Did anyone identify the real face 7 out of 7 times?
AI faces: FWER#
The probability of a specific person guessing and getting 7 out of 7 faces correct is \(2^{-7} \approx 0.0078\).
There are about 90 students who go to section each week.
If everyone was guessing, then the probability that somebody got 7 out of 7 is
\[ 1-(1-0.0078)^{90} \approx 0.51\]The family wise error rate can be much higher than the type 1 error rate for a single hypothesis.
Bonferroni correction#

Suppose there are \(m\) null/alternative hypothesis pairs in the family.
This means that we would compute \(m\) p-values.
Instead of rejecting each null hypothesis when its p-value is less than \(\alpha\), we will only reject when its p-value is less than \(\alpha /m\).
Changing \(\alpha\) to \(\alpha/m\) is called a Bonferroni correction.
Bonferroni correction#
The Bonferroni correction makes sure that the family wise error rate is at most \(\alpha\).
This is because:
\[\begin{split}\begin{align*} \text{FWER} &= \mathrm{Pr}[\text{at least one false positive}] \\ &\leq m \times \mathrm{Pr}[\text{false positive for one hypothesis}] \\ &\leq m \times \frac{\alpha}{m} \\ &= \alpha \end{align*}\end{split}\]
Bonferroni example#
In the xkcd comic, what would be the Bonferroni correction?
Since there are 20 hypotheses, the new threshold should be \(\frac{0.05}{20}=0.0025\)
Interpretation: Since the scientists did 20 tests, a p-value less than 0.05 is not strong evidence that green jelly beans are linked to acne.
The p-value needs to be less than 0.0025 for there to be evidence that green jelly beans are linked to acne.
Dream again#
Dream recap#
In a speedrun attempt, Dream received 42 Ender pearls in 262 trades.
Last lecture, we saw that is very unlikely he would get that many Ender pearls without cheating.
But, do we need to do a multiple hypothesis correction?

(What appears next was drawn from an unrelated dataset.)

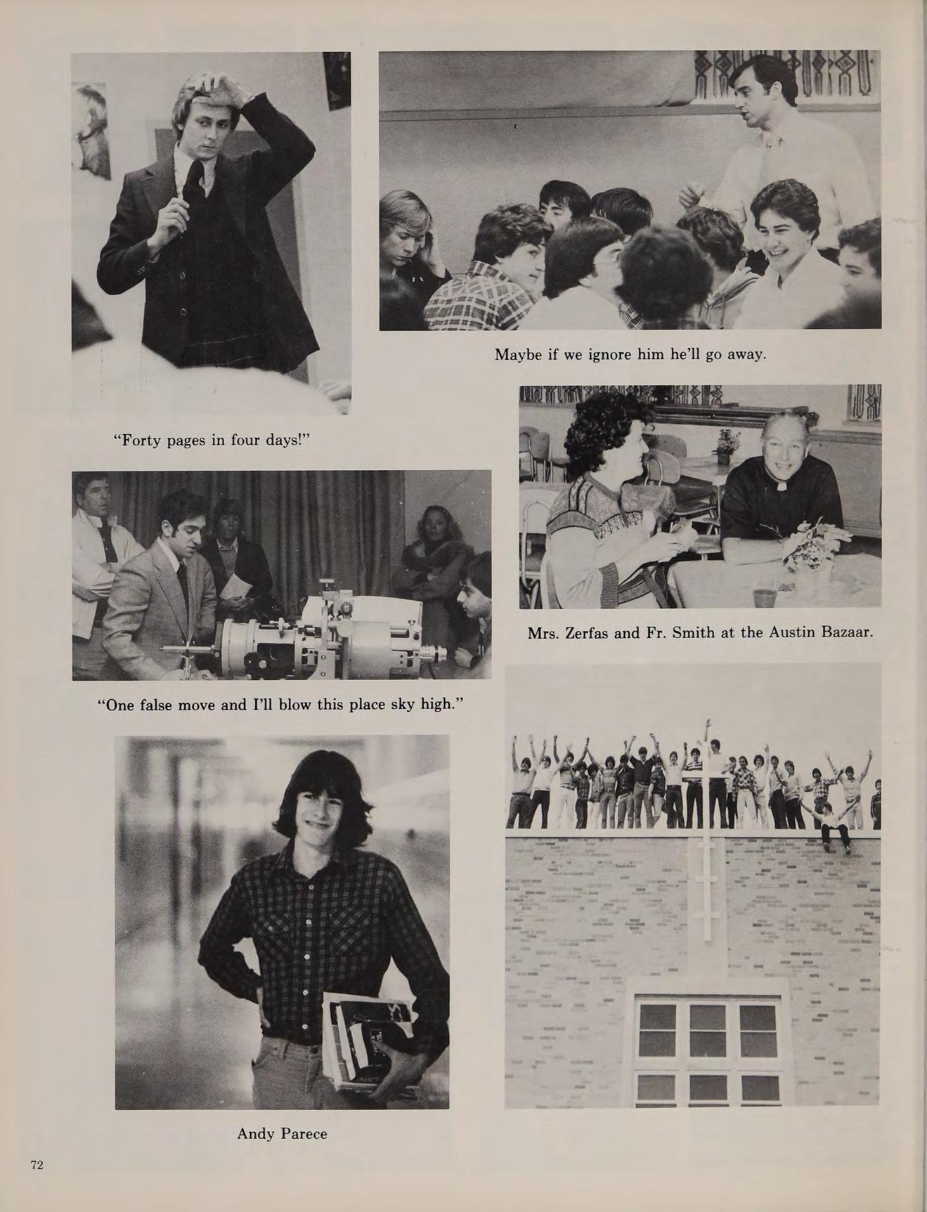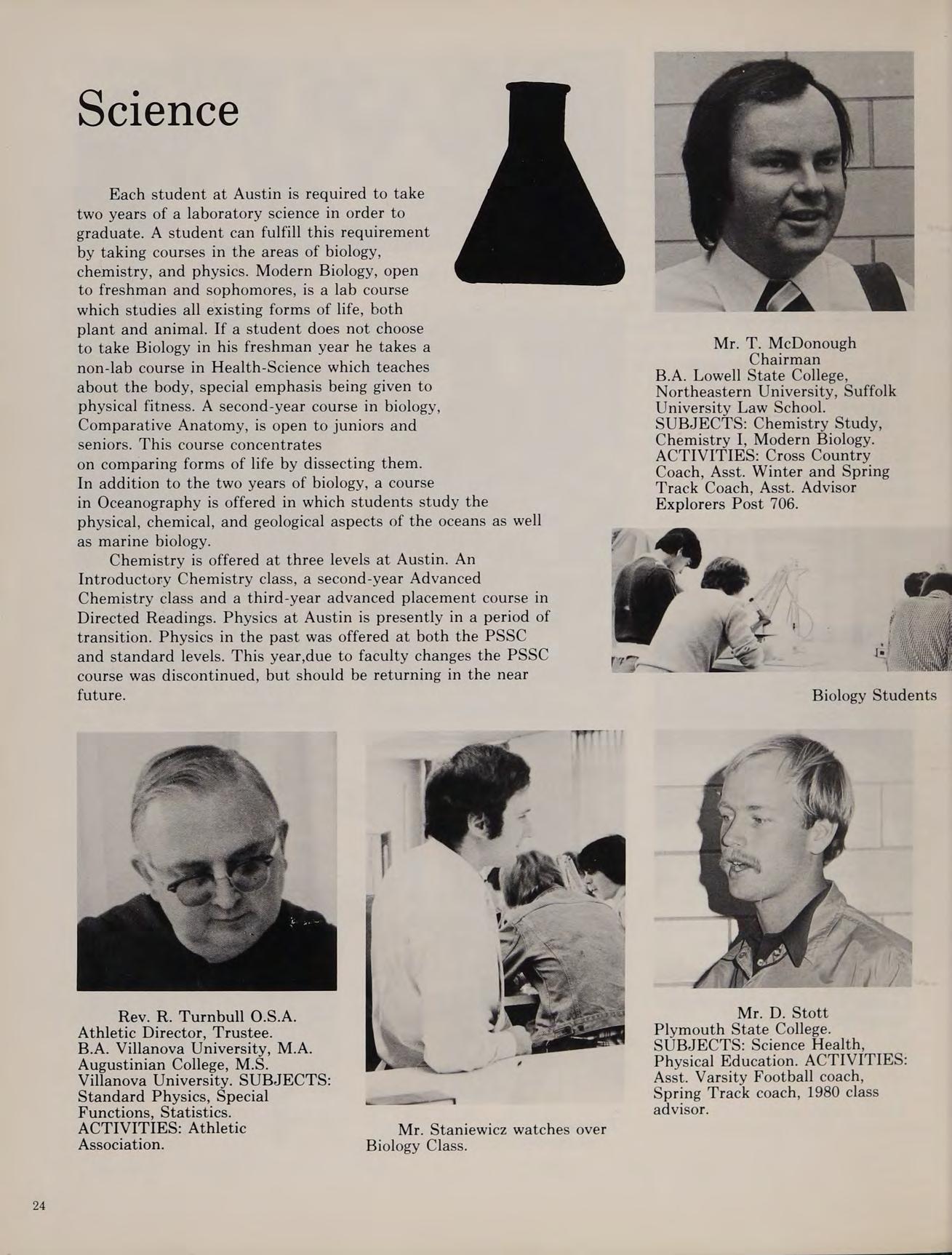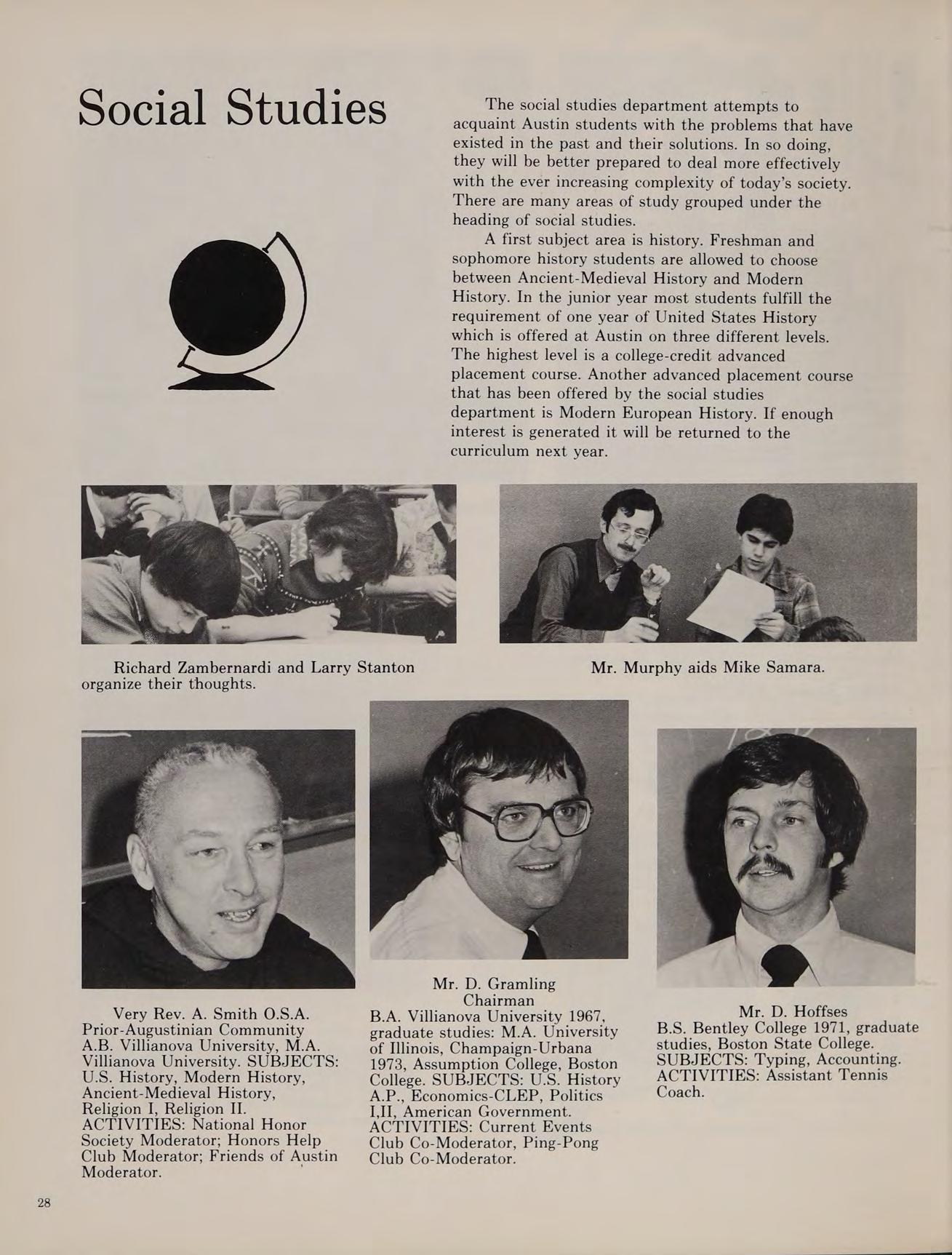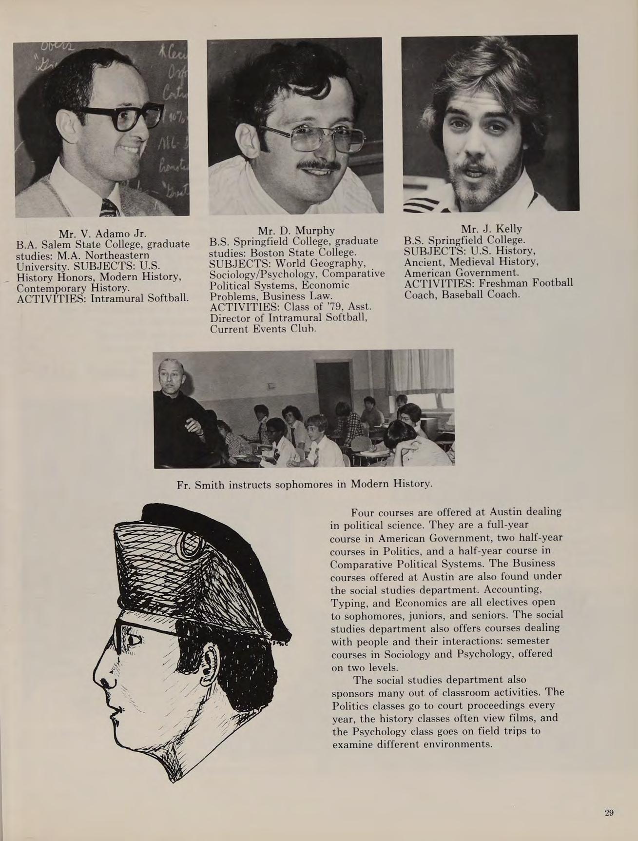 As our sophomore year began at Austin, the Class of ’79 was happy that we weren’t freshmen anymore. We began to feel more comfortable at Austin. During KBOHANE ephen J. the summer of 1976, changes were numerous at the school. Father Morgan, the former chaplain was replaced by a returning Augustinian, Father Cain. Mrs. Brako, a former Italian teacher, was replaced by Mr. Fazzolari. Mr. Lannigan became a new edition to the English department. Mr. Dee, a former Austin student, became a religion teacher. Later in the year Mr. Stott joined the science department, and became an assistant coach for the varsity football team.

Dream and multiple hypotheses#
We should account for the fact that there are many people who play Minecraft and therefore there have been many speed running attempts.
Maybe it is reasonable that someone would get as lucky as Dream, and we are unfairly focusing on him.
Bonferroni correction for Dream#
How could we do a Bonferroni correction for Dream? What is \(m\) the number of hypotheses?
\(m\) should be the number of Minecraft speed run attempts. We do not know \(m\) exactly but we could do a Fermi estimate.
Bonferroni correction for Dream#
Giving Dream the benefit of the doubt, we can use \(m=10^8\) (one hundred million).
A calculation gives that the p-value for Dream’s trades is roughly \(\frac{6}{10^{12}}\) (less than 1 in a hundred billion).
The Bonferroni correction is
\[\frac{0.05}{10^8} = \frac{5}{10^{10}} = \text{1 in 20 billion}\]Dream’s p-value is still much smaller than the corrected threshold so we still have evidence for cheating.
The dark side of Bonferroni#
The Bonferroni correction makes it much harder to reject the null hypothesis.
This keeps the false positive (type 1 error) rate under control.
But if we don’t reject the null hypothesis, we risk having a lot of false negatives (type 2 errors).
The Bonferroni correction increases the false negative (type 2 error) rate.

Genomic studies#
Genome wide association study#
The human body has roughly 20,000 genes.
The expression levels of each person’s genes can vary widely.
A genome wide association (GWA) study looks at whether there are any genes that are associated with a particular disease.

Genome wide association study#
Scientists conducting GWA studies have to be very careful about false positives due to testing multiple hypotheses (one for each gene).
This has led to a lot of new statistical methods (many developed at Stanford) that are designed specifically for GWA studies that have lower false negative rates than the Bonferroni correction.
GWA studies have successfully identified genes that are associated with a variety of diseases including heart disease, diabetes, and Crohn’s disease.
Recap#
Using p-values controls the false positive rate:
If we reject a null hypothesis when the p-value is less than \(\alpha\), then the false positive rate will be \(\alpha\).
If we make the \(\alpha\) smaller, there will be more false negatives.
Multiple testing:
The family-wise error rate is the chance of at least one false positive.
p-hacking.
Bonferroni correction for multiple testing.